Panmure Gordon analysts note, meanwhile, that while the impact on oil prices remains, it has diluted somewhat, as the likelihood of battle spreading to other nations has fallen.
Power in the Middle East
Other Middle Eastern nations are taking more direct action to influence oil prices.
The Organisation of Petroleum Exporting Countries (OPEC+), led by Saudi Arabia, Russia and the United Arab Emirate, is maintaining a programme of cutting 2.2m barrels a day in an effort to drive oil price upwards.
When first announced at the end of last year, Panmure Gordon analysts said that the cuts had little impact on the market as the onus was shifted by Saudi Arabia and Russia onto smaller producing nations within the group.
Given the cuts were ‘voluntary’, the analysts noted, it was deemed “improbable” that major players like Saudi Arabia would adhere to them for the long term.
However, the group’s meeting last Wednesday confirmed production cuts would stay in place until at least the end of June.
This sustained strategy means there is a “strong likelihood” oil will tip over the $100 per barrel mark, Onyx Capital Group chief executive Greg Newman told City A.M.
“We look to be in a very similar situation to 2022 from an OPEC supply point of view, made materially worse because this time round Russian oil sanctions are genuinely biting, whereas in 2022 trade flows were simply rerouted,” he said.
“This means there is potentially even more supply offline than the peak of 2022 which the market is only just starting to wake up and realise and the indicators in the physical market are very strong and will likely get stronger.”
He added: “The sentiment has shifted markedly from a slightly bearish attitude when people were afraid to invest for fear of too many unknowns to right now when it’s a much more conducive and bullish environment.”
The US and China
Other international developments are driving the likelihood of a $100 per barrel.
Despite an extended run of tepid activity, China has announced more stimulus measures to try and lift its sluggish economy. Though similar previous measures have proved underwhelming and somewhat ineffective to date, the prospect of a return to growth in China would almost certainly cause prices to rise.
China remains the strongest supporter for oil demand growth, as Panmure Gordon points out that OECD demand remains below pre-pandemic levels.
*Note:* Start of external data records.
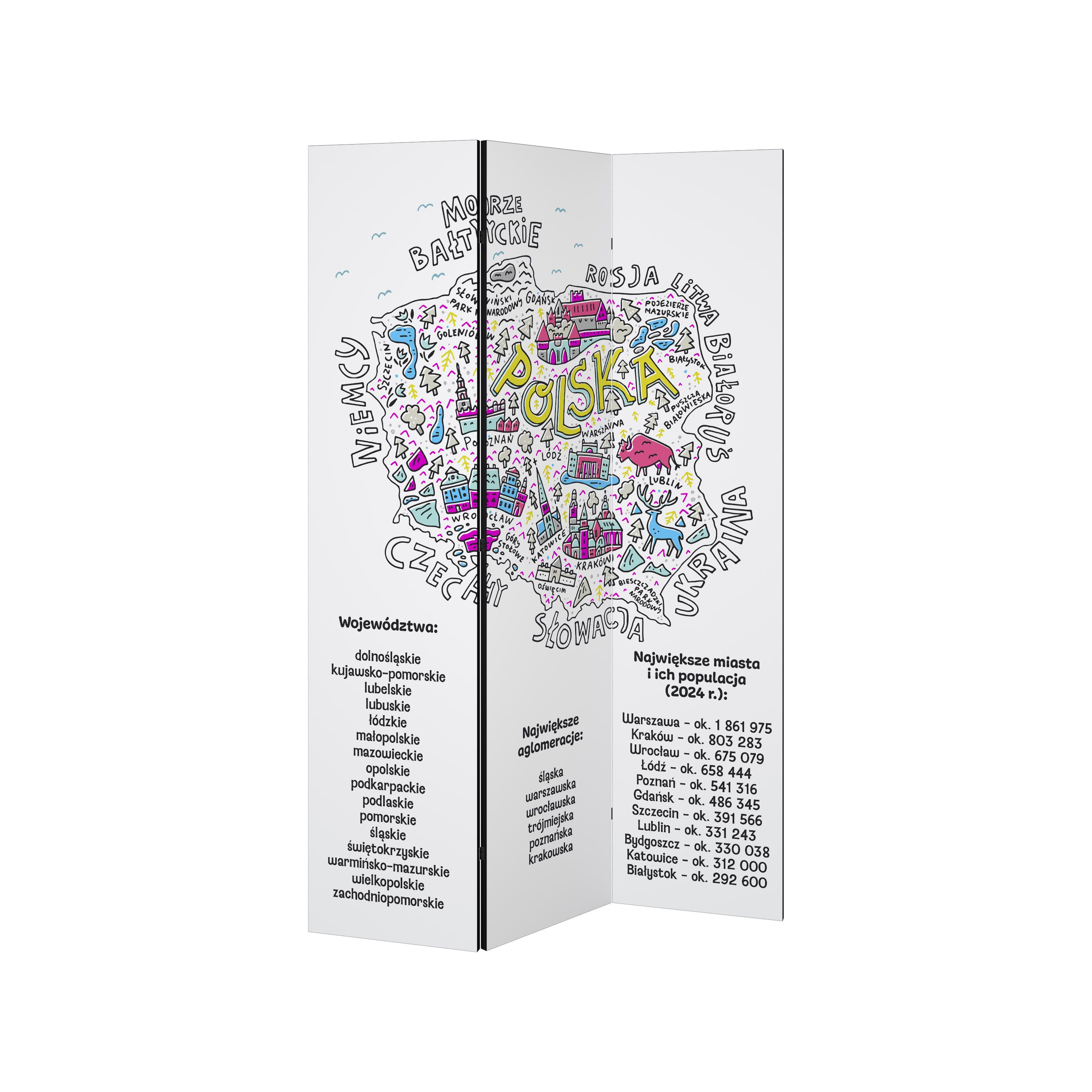 Jedes Flügelteil besteht aus einer leichten und zugleich robusten Platte mit einer eleganten Oberfläche in tiefmattem Schwarz - modern und einzigartig. Die Oberfläche des Paravents ist mit einem hochwertigen Druck versehen - einseitig oder beidseitig, ganz nach Ihren Vorlieben. Dank modernster Drucktechnologie sind die Farben intensiv und die Details gestochen scharf, was dem Ganzen besondere Tiefe und Ästhetik verleiht.
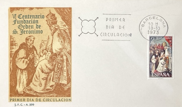 Sobre Primer día – V Centenario de la Fundación de la Orden de San Jeronimo, 1973 con sello de. 2 ptas
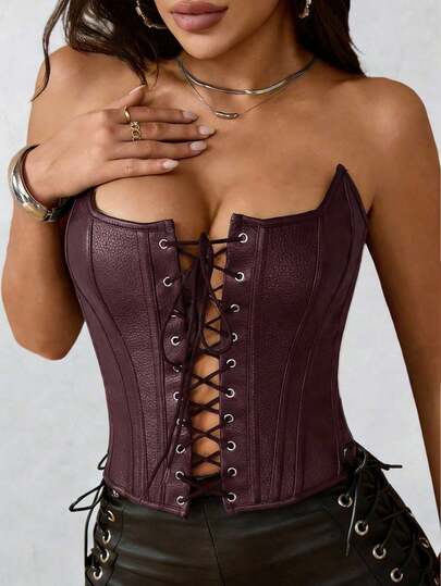 Apperloth A 性感过胸束身胸衣 PU 皮革带骨露脐抹胸上衣 女士系带前开后露背塑身衣 万圣节服装 感恩节服装
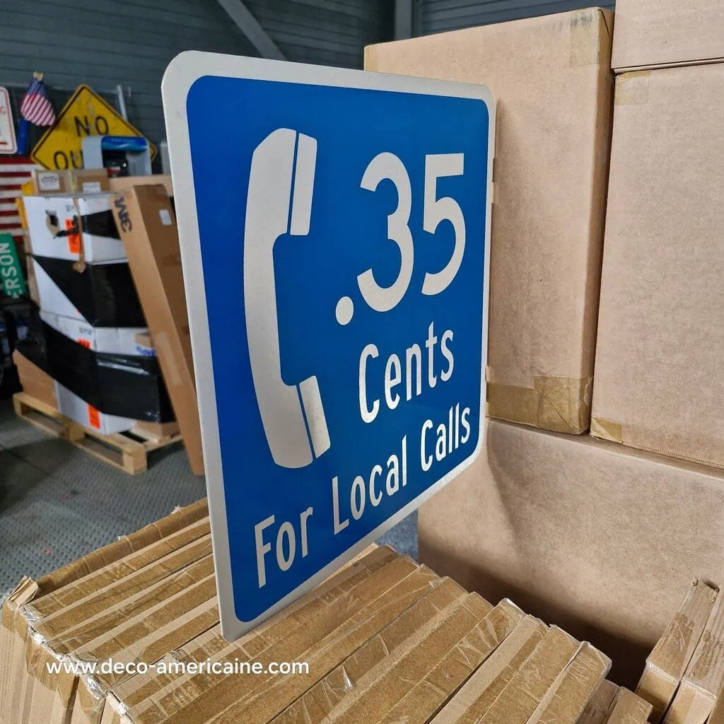 Panneau de signalisation de restaurant et magasin Authentique / Goodies – .35cts For Local Calls
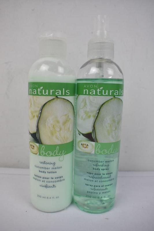 Avon Naturals Body Lotion & Body Spray, Cucumber Melon Scent, 8.4 oz Each - New

The US, too, is continuing to play its part.
Coming off a record drilling year that saw strong returns off a weak base price for US majors Chevron and Exxon, the US Strategic Reserve are moving to refill supplies.
In March, the body said it would replenish its stores to the point where levels will either reach or exceed the level prior to the massive 180 million barrels per day in 2022, setting a solid floor for WTI in the process.
Expectations of interest rate reductions continue to be discussed, despite noises from the US Central Bank indicating that these will not be before June this year.
Despite these factors, some analysts are holding firm on a price fall as the year progresses.
A note last week from J.P Morgan said it is maintaining its prediction of a $90 per barrel threshold in May, falling to $85/bbl in the second half of the year.
Analysts from the firm added, however, that the global oil price could hit $100 per barrel on the way to that point.